Normally, I am not drawn to comedic novels, but Less had so many good reviews and the Pulitzer Prize to recommend it, so I put it on my reading list. I’m glad that I put my preconceptions aside to read it. Not only was it funny, clever, and charming, it was emotionally affecting.

When Arthur Less, a forty-nine (not yet fifty, thank you very much) minor novelist receives a wedding invitation for his former lover, Freddy’s wedding, he knows attending the ceremony would be too painful and humiliating; not attending would be just as bad. His solution: accept every literary event invitation he’s received, cobbling together an around-the-world itinerary that will take him away from San Francisco for several months.

The ingenious structure allows Less to encounter myriad settings and characters so we see him interact in different contexts. (Of course, the downside is that interesting characters make only a brief appearance, but isn’t that like life?) Many of these settings are literary events, such as an award ceremony, and much has been made of Greer’s parody of this milieu. Less’ name itself provides Greer ample opportunity to play on the meaning of the surname and reflect on feelings of anxiety and literally feeling less than others around him. Less’ novel-within-a-novel, Swift, and it’s changing focus parallels Less’ own journey.

Early in the novel, I was struck by its humor of the absurd when Arthur Less’ guides take him to the Pyramid of the Sun and Pyramid of the Moon. One of the guides, Fernando, tells Less about everything he must see in Mexico City, yet, every site is closed for renovations, to mount a new exhibit, or simply because it was Monday. Another very funny aspect was Less’ unshakable belief he was fluent in German, skilled enough to teach a five-week class in German in Berlin. Less is absolutely not fluent in German.

Yet, the novel at times unveils truths that are gut-wrenching, though Greer always presents these moments subtly and without pedantry. For example, Less, considering his upcoming fiftieth birthday, thinks that he has no gay role models for growing older.
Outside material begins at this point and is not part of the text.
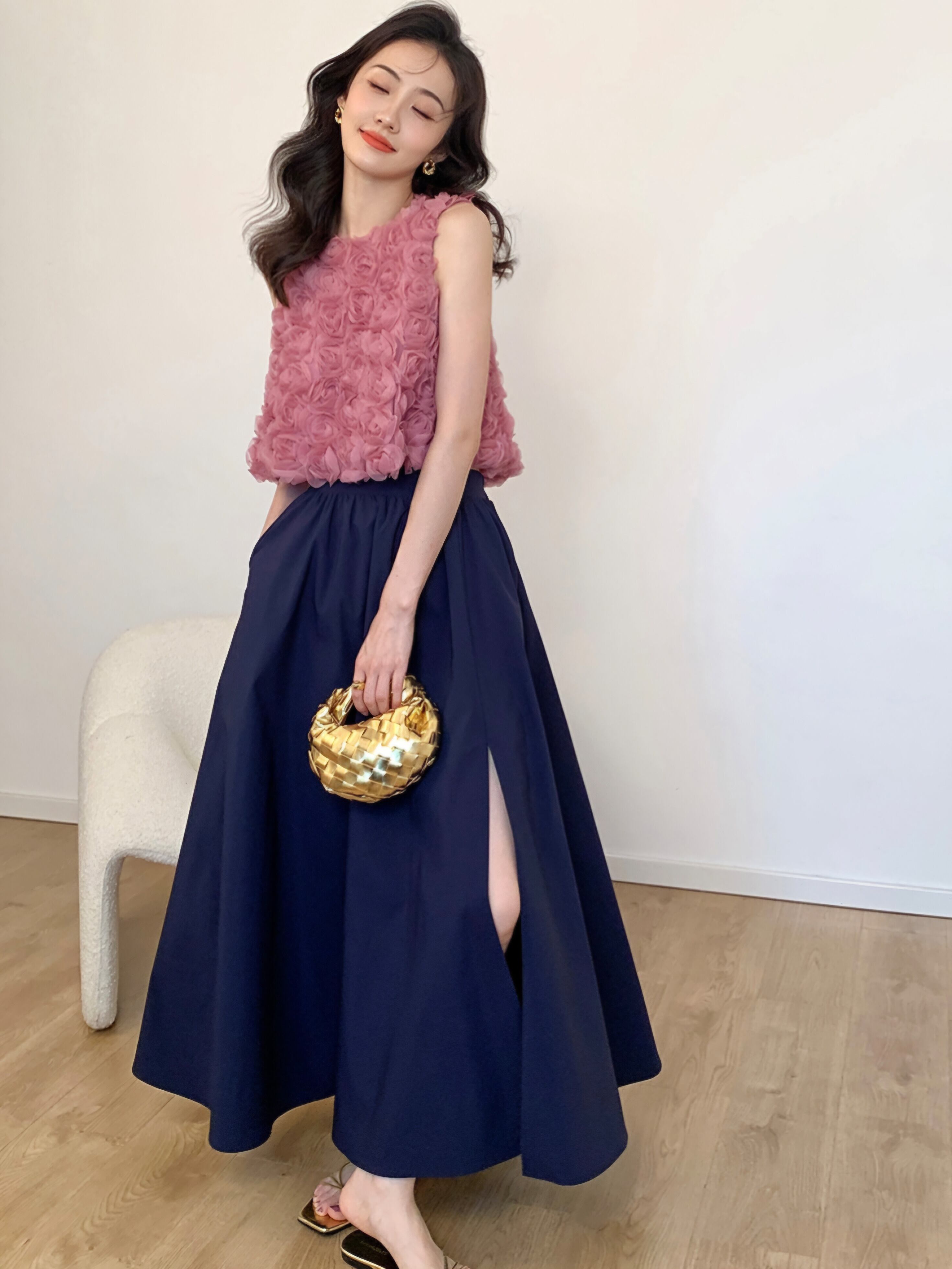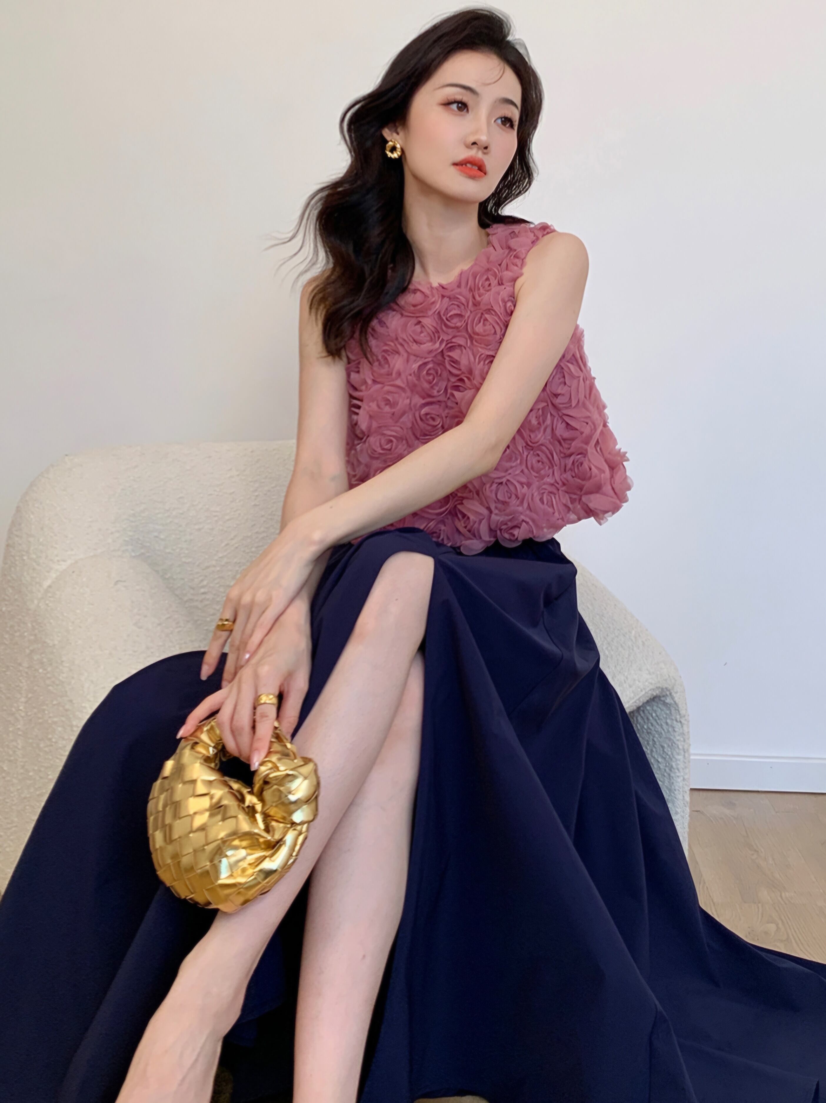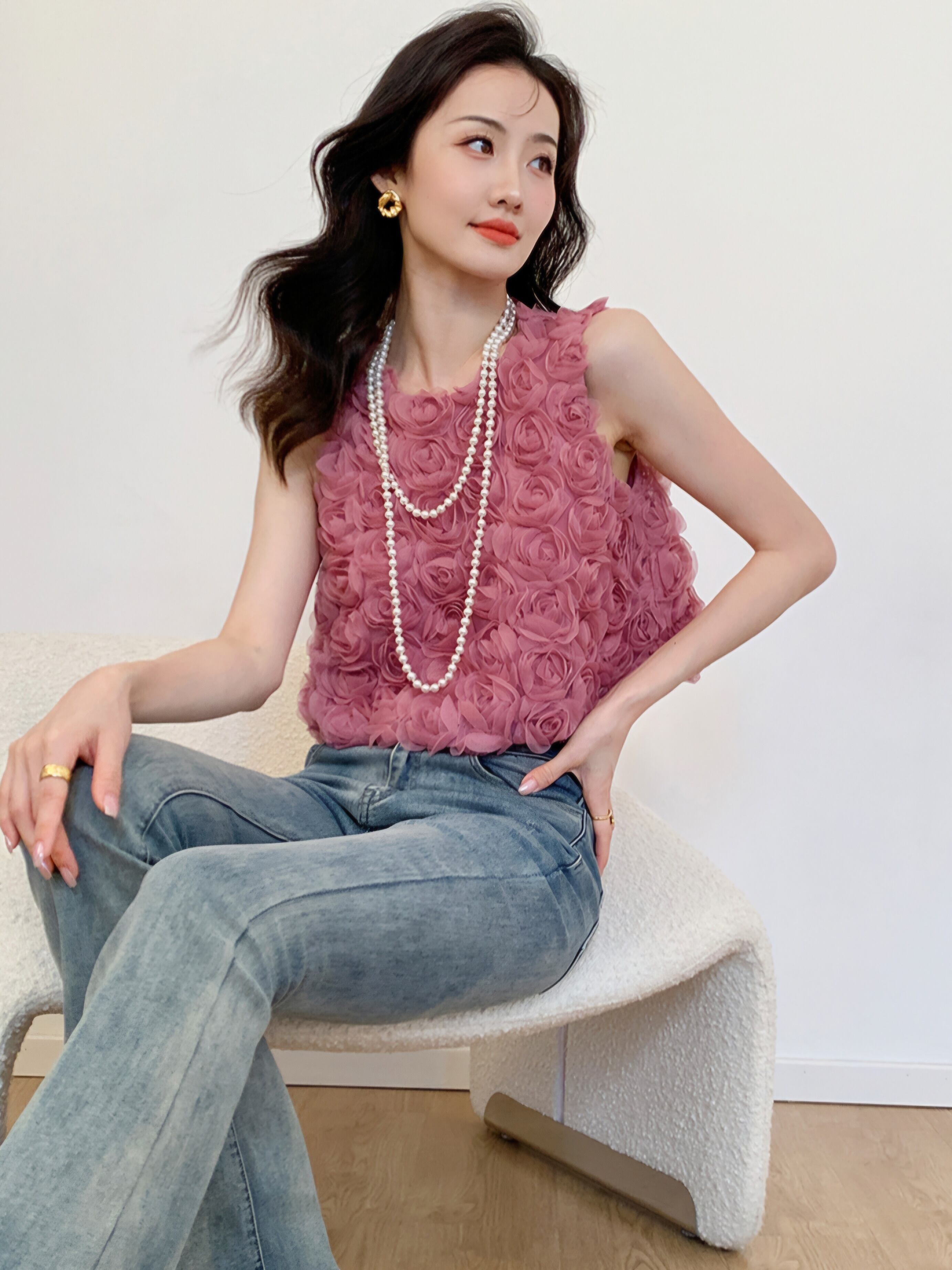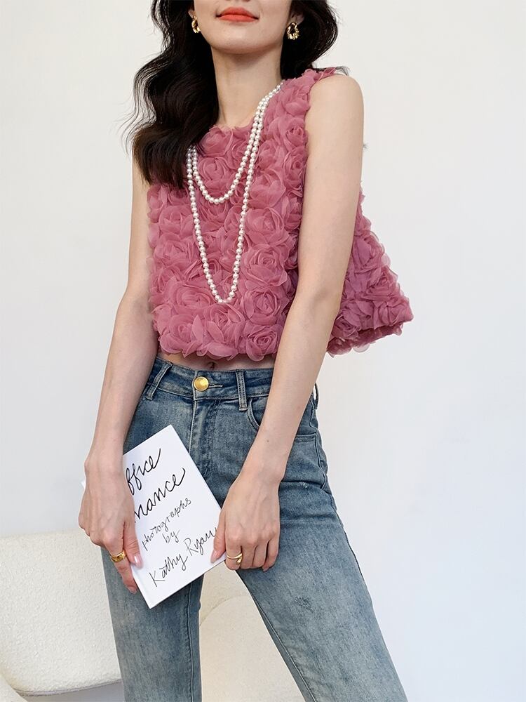 立体的なローズフリルが特徴的で、華やかな印象を与えるノースリーブトップス。大人ピンクの色合いが魅力的な一着。

The generation before his never had the change to age as they were struck down by AIDS. In another moment, in India, Less, slightly irritated, wonders why so many people picnic on the grounds of the Christian retreat center where he booked himself without realizing the “brand,” is told that nowhere else is safe for the Christians to congregate. (He then castigates himself for being an asshole.)

So, in a sense, calling the novel comedic does it a disservice, insofar as comedic novels are viewed as frivolous and empty. Less is divinely funny but certainly not frivolous or empty. It is a satisfying read addressing serious issues that will make you laugh out loud.